I have a dataframe like as shown below
ID,US-Test1,US-Test2,US-Test3
1,11,12,13
2,13,16,18
3,15,19,21
I would like to remove the keyword US -
from all my column names
I tried the below but there should be better way to do this
newNames = {
'US-Test1':'Test1',
'US-Test2':'Test2'
}
df.rename(columns=newNames,inplace=True)
But my real data has 70 plus columns and this is not efficient.
Any regex approach to rename columns based on regex to exclude the pattern and retain only what I want?
I expect my output to be like as shown below
ID,Test1,Test2,Test3
1,11,12,13
2,13,16,18
3,15,19,21
CodePudding user response:
You could use a regex that matches the "US-" at the beginning like this:
df.columns = df.columns.str.replace("^US-", "", regex=True)
It replaces the matching "US-" with an empty string.
Also, if you know the columns that you want to transform you could apply slicing on their names to remove the first 3 characters:
df.columns = df.columns.str.slice(3)
Of course, this will affect columns that do not match your condition (i.e. do not begin with "US-")
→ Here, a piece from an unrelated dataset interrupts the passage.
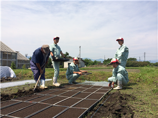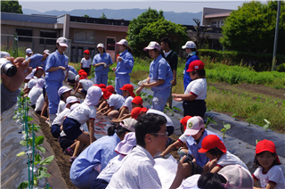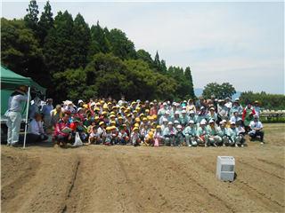 厳しい日差しのもと、畑に1列に並んで、みんなで力を合わせて頑張りました。
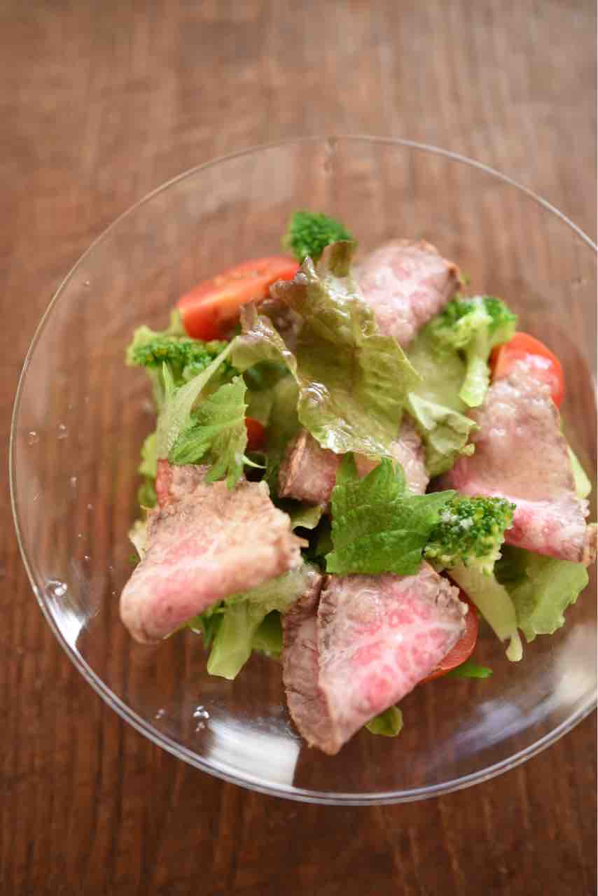 黒毛和牛A5ももブロックは低温調理でローストビーフにしました。サニーレタス、ブロッコリー、大葉、トマト とサラダにしたらこれまたすごくおいしかったです。

CodePudding user response:
There are many ways to solve the problem. In addition to use of regular expression, one possible way is to use list comprehension to get new column names without first 3 characters, as follows:
import pandas as pd
df = pd.DataFrame({
'US-Test1': [11, 13, 15],
'US-Test2': [13, 16, 18],
'US-Test3': [13, 18, 21]
})
new_columns = [col[3:] for col in df.columns]
print(new_columns)
# ['Test1', 'Test2', 'Test3']
df.columns = new_columns
print(df)
Output:
Test1 Test2 Test3
0 11 13 13
1 13 16 18
2 15 18 21